PS 4pm: In the Greek bailout, one of the major parts of "The Plan" is to ask creditors to voluntarily accept new, longer dated bonds as a way of easing the short term demands on the Greek Treasury. My question is.. if you are holding a credit default swap and were watching this, how comfortable would you be that your CDS was worth anything when it appears Greece deftly scooted around it's obligations without anybody benefitting from the insurance policy they took out against precisely this outcome ? Jamie Dimon will be fielding some interesting phone calls from those he's insuring come monday morn.
If you're going to take a stab at this, pickup the right knife! ;) You already mentioned that even 10:1 leverage is too much. Why not end fractional reserve lending? It is, after all, a license to conjure money... why should any private institution have the right to do that with currency that is owned by the public? Its forgery for self enrichment.
ReplyDeleteA completely separate thought on the knife you chose; how about currency based on population alone? Constant Dollars/Citizen? Just a thought. kimo ps obviously, i enjoy your work. thanks.
This DOES end fractional reserve lending-- currency would be added into the system by a Currency Board evaluating the growth (or lack thereof) and appropriately printing currency and giving it to the citizens, who may-- if they choose-- stick it into a bank. The Bank will not be able to loan any more money than they have in the vault.
ReplyDeleteThere is nothing wrong with 10:1 reserve to lending ratio, if that is accurate and enforced. For the economy to function that ration has to be greater than 1:1. The problem we have now is that those limits were wildly exceeded by Banksters everywhere.

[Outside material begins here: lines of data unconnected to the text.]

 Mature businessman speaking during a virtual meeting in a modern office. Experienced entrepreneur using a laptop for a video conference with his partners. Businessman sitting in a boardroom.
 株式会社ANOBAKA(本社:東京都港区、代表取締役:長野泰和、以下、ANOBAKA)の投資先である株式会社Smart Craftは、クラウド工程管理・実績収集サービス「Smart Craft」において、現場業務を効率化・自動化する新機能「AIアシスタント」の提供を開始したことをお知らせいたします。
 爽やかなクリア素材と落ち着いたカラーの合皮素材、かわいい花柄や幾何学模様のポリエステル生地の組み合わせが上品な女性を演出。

ReplyDeleteA 1:1 reserve:lending ration means for practical purposes there would be no credit available at all, for anyone, except the most credit-worthy who don't need it anyway.
While some might think that is a great idea. in today's economy, it would lead to economic implosion. Making some survivalists etc happy, but bad news for 99% of the population. Small businesses, which will drive any recovery in employment, would mostly cease to exist, except on the smallest level, when credit is that tight. Be careful what you wish for.

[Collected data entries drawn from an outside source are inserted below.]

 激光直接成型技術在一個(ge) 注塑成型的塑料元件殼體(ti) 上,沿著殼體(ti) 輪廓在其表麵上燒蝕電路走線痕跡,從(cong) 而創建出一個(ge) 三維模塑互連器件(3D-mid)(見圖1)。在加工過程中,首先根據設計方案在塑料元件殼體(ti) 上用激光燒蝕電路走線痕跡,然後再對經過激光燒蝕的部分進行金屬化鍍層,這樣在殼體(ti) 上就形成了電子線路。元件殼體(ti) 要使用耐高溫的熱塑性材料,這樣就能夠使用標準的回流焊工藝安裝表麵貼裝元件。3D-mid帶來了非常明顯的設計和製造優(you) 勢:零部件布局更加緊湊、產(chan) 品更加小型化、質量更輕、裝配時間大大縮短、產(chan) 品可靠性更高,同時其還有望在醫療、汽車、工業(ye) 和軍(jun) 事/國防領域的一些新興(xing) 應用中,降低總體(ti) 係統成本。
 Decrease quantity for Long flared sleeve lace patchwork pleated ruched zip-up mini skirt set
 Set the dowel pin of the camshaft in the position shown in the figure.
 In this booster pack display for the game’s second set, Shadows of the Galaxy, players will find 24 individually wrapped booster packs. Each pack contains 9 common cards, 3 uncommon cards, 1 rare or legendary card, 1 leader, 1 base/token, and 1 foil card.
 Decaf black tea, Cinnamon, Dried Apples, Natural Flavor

The key words are excessive and regulation, we had the former without the latter. There is a happy medium, like in most things, not too much nor too little.
Credit is just free money. It doesn't exist and by saying you owe person X real money for money you didn't have in the first place leads to global debt.
DeleteLost you?
Try this: If every country in the world is in debt, where did the money go?
typo: ratio not ration
ReplyDeleteGAW: Yes credit in such a system would be very hard to come by; the average citizen would never get a credit card or a loan for anything except a house, and even then would have to come up with a substantial down payment. I have no problem letting the people go without credit for the most part. But lack of capital for businesses is what made the Depression much worse than it had to be. Perhaps some sort of small (say 20%) government guarantees of certain financial vehicles (The American Agriculture and Infrastructure Investment Bank ?) would bring in foreign investors into important industries. Also if the returns were promising enough, I dare say Americans would become investors instead of just consumers. But overall I dislike the entire top-down system that makes indentured servants of us all and makes banking far more profitable that it need be and hope some sort of bottom-up system can be created. I doubt my golden day will ever arrive, but it's my blog and I can dream, right ?
ReplyDelete"in today's economy, it would lead to economic implosion."
ReplyDeletetake a number. fractional reserve lending is ahead of you.
"This DOES end fractional reserve lending"
Bravo! Thanks for the clarification.